Any help regarding how to debug this would be greatly appreciated as I am not sure it is something worth reporting as a bug yet and it seems to be some race condition with the co-routines.

Can you show your code? Does it reproduce on 3.12.10?

Could it be this: asyncio.create_subprocess_exec does not respond properly to asyncio.CancelledError · Issue #103847 · python/cpython · GitHub ? Is it that you are leaving your main asyncio.run task with other tasks still pending?

So far I have produced this on Python 3.12.9

Python 3.12.9 (main, Mar 31 2025, 00:00:00) [GCC 14.2.1 20240912 (Red Hat 14.2.1-3)] on linux

I hope I understand this right but in my case no cancellations take place, the code that waits for the threads looks like this:

        slot_workers = sorted([*graph.workers.values()], key=lambda x: x.params["name"])
        to_traverse = [graph.traverse_object_trees(s, params) for s in slot_workers]
        asyncio.get_event_loop().run_until_complete(
            asyncio.wait_for(asyncio.gather(*to_traverse), self.job.timeout or None)
        )

and the hang happens at the very end where all these workers are done with the subprocesses they have spawned (from what I can see in the related logs).

Please show your full code, including imports.

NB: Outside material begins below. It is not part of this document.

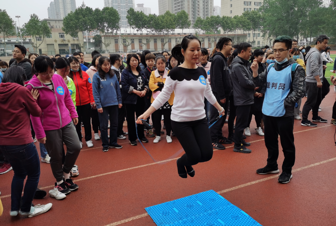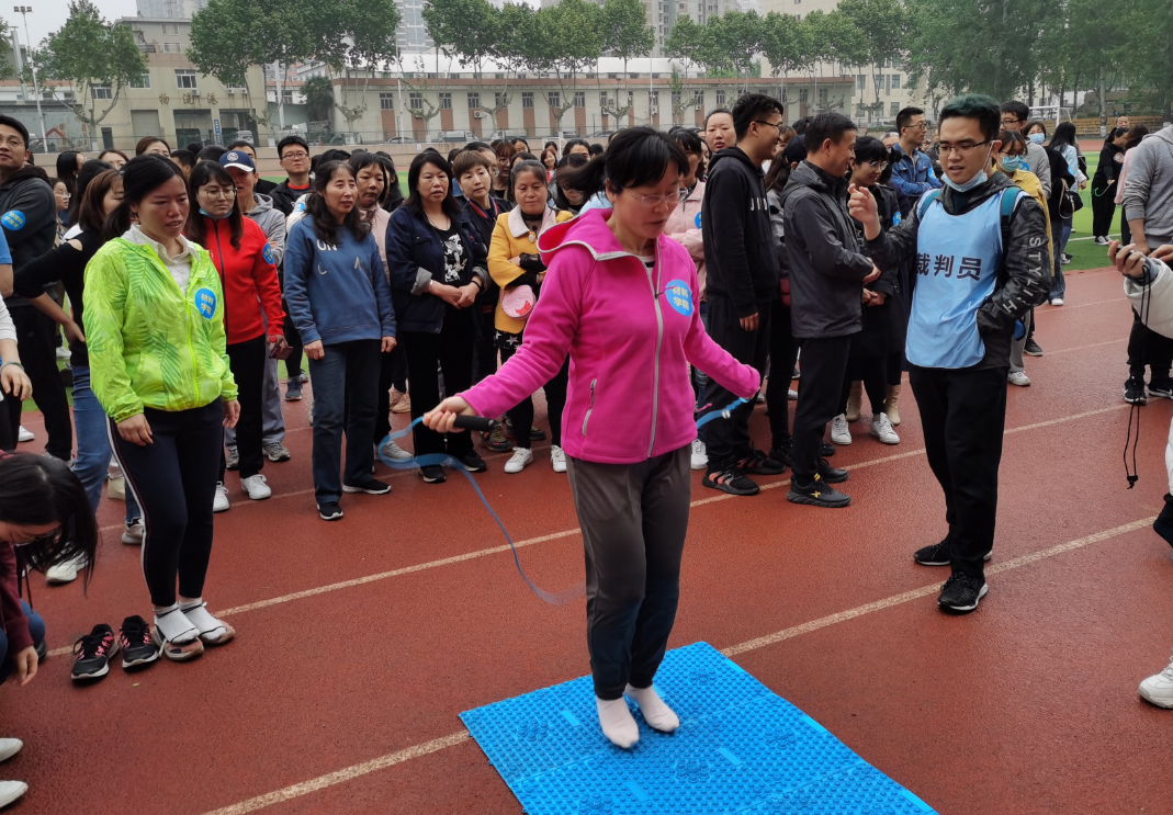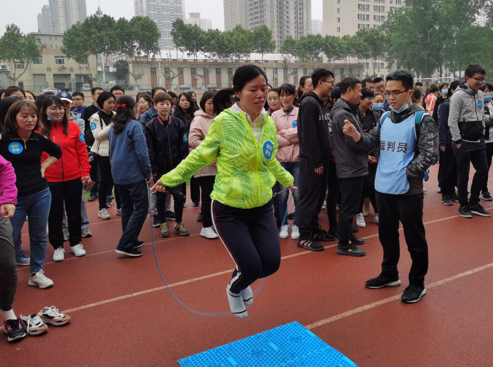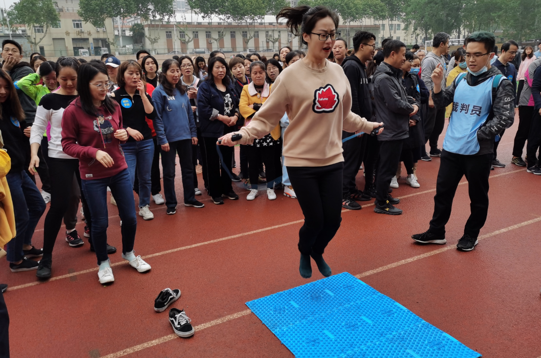 “指压板跳绳”项目中,大家整齐列队,平滑轮换,上场者鼓足跳劲,龇牙咧嘴,这“酸爽”,才够劲!接替者摩拳擦掌、跃跃欲试,这期盼,咋还不到我!跳完者不停喊加油,这比赛,真刺激!以小组第一的成绩顺利收官!

A runnable example

Note that asyncio.get_event_loop() is deprecated you should be using asyncio.run

Sharing the entire code base about this is not possible here but if you really insist feel free to look around avocado-i2n/avocado_i2n/plugins/runner.py at 31126641e18ce369ba1695771c599bc7a1506239 · intra2net/avocado-i2n · GitHub.

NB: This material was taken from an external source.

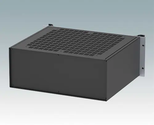 Modern ventilated aluminum 19" rack case with an anodized front panel and two ergonomic front panel handles. The case body consists of two side panels with removable top, base and rear panel. The base is pre-punched for fitting PCB mounting pillars or the accessory internal mounting plate. All parts are provided with M4 earth studs for electrical continuity.

I could try to get a smaller reproducer but this will likely take time. Note that I didn’t have such troubles for 1-2 years with the same code and what I am reporting above is recent.

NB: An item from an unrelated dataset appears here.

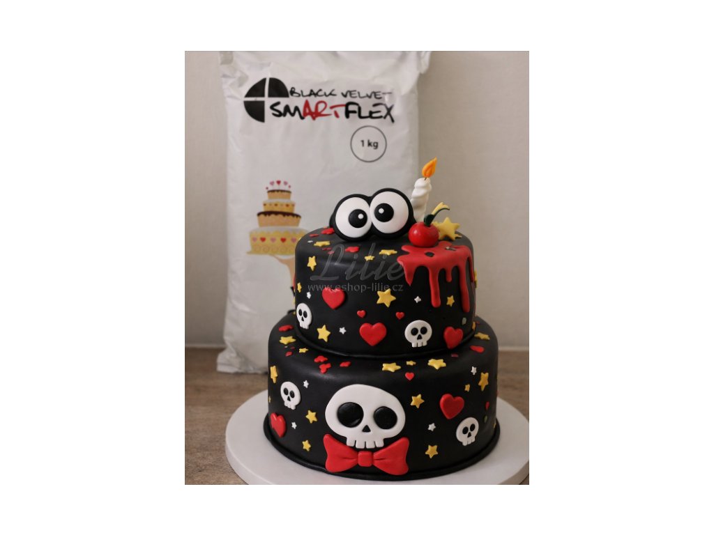 Pro dosažení autentického cartoon efektu doporučujeme hladký potah z Black Velvet Smartflex a následné dokreslení obrysů bílým fondánem, krémem nebo cukrářským fixem. Výsledný dort působí jako ručně kreslený.

Indeed, I am aware but could not migrate yet. I still don’t expect this to make up for the difference for the time being though but thanks for mentioning this.

Can you print the stacks of all the currently running coroutines when it hangs?

Eg using stackscope and all_coros= [t.get_coro() for t in asyncio.all_tasks()].